Provided data:
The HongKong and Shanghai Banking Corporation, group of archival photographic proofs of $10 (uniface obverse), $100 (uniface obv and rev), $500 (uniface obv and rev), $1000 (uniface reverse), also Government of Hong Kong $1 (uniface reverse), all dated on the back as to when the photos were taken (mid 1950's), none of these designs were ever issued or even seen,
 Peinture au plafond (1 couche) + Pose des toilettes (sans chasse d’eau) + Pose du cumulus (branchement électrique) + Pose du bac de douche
...
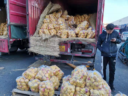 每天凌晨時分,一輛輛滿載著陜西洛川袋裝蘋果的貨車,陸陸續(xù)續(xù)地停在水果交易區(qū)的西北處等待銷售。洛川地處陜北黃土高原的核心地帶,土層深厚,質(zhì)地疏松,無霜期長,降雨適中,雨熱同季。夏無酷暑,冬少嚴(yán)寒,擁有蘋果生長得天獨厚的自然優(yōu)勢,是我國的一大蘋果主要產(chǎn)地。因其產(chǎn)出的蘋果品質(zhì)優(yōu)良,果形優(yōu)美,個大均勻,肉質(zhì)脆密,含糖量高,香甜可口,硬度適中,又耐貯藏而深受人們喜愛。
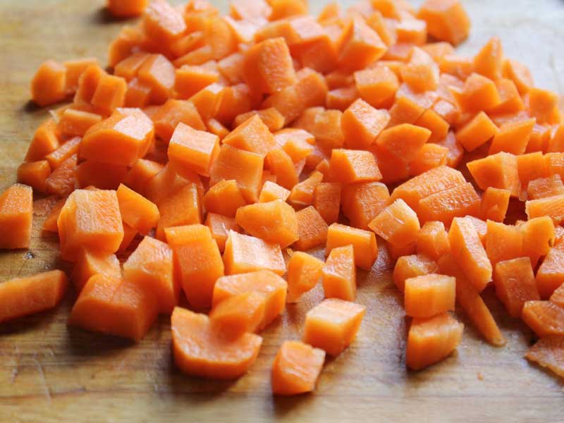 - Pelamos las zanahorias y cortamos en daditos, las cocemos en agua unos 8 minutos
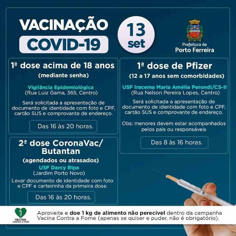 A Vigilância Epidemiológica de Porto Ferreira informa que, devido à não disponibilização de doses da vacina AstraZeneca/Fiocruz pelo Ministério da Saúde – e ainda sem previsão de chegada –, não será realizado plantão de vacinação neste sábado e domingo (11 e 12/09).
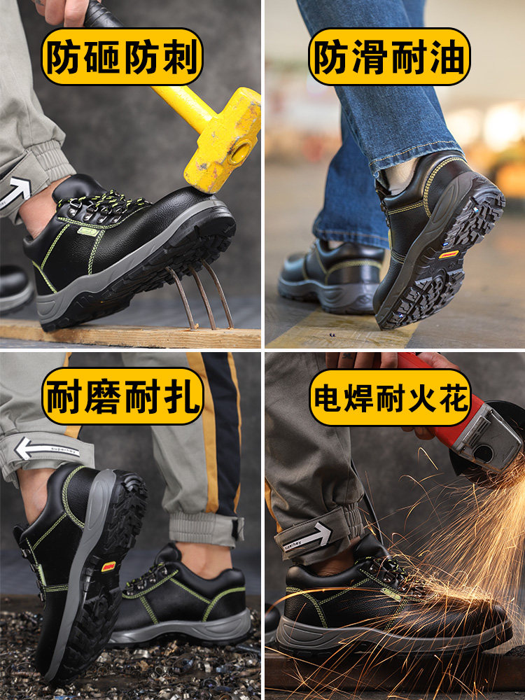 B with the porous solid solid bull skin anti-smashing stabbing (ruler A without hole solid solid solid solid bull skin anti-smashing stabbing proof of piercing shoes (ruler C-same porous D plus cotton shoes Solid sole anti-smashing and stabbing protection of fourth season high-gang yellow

What you need to do: Print exactly the lines above that run from the one with "每天凌晨時分,一輛輛滿載著陜" to the one with "B with the porous", both included. No pictures.

Answer below:
 每天凌晨時分,一輛輛滿載著陜西洛川袋裝蘋果的貨車,陸陸續(xù)續(xù)地停在水果交易區(qū)的西北處等待銷售。洛川地處陜北黃土高原的核心地帶,土層深厚,質(zhì)地疏松,無霜期長,降雨適中,雨熱同季。夏無酷暑,冬少嚴(yán)寒,擁有蘋果生長得天獨厚的自然優(yōu)勢,是我國的一大蘋果主要產(chǎn)地。因其產(chǎn)出的蘋果品質(zhì)優(yōu)良,果形優(yōu)美,個大均勻,肉質(zhì)脆密,含糖量高,香甜可口,硬度適中,又耐貯藏而深受人們喜愛。
 - Pelamos las zanahorias y cortamos en daditos, las cocemos en agua unos 8 minutos
 A Vigilância Epidemiológica de Porto Ferreira informa que, devido à não disponibilização de doses da vacina AstraZeneca/Fiocruz pelo Ministério da Saúde – e ainda sem previsão de chegada –, não será realizado plantão de vacinação neste sábado e domingo (11 e 12/09).
 B with the porous solid solid bull skin anti-smashing stabbing (ruler A without hole solid solid solid solid bull skin anti-smashing stabbing proof of piercing shoes (ruler C-same porous D plus cotton shoes Solid sole anti-smashing and stabbing protection of fourth season high-gang yellow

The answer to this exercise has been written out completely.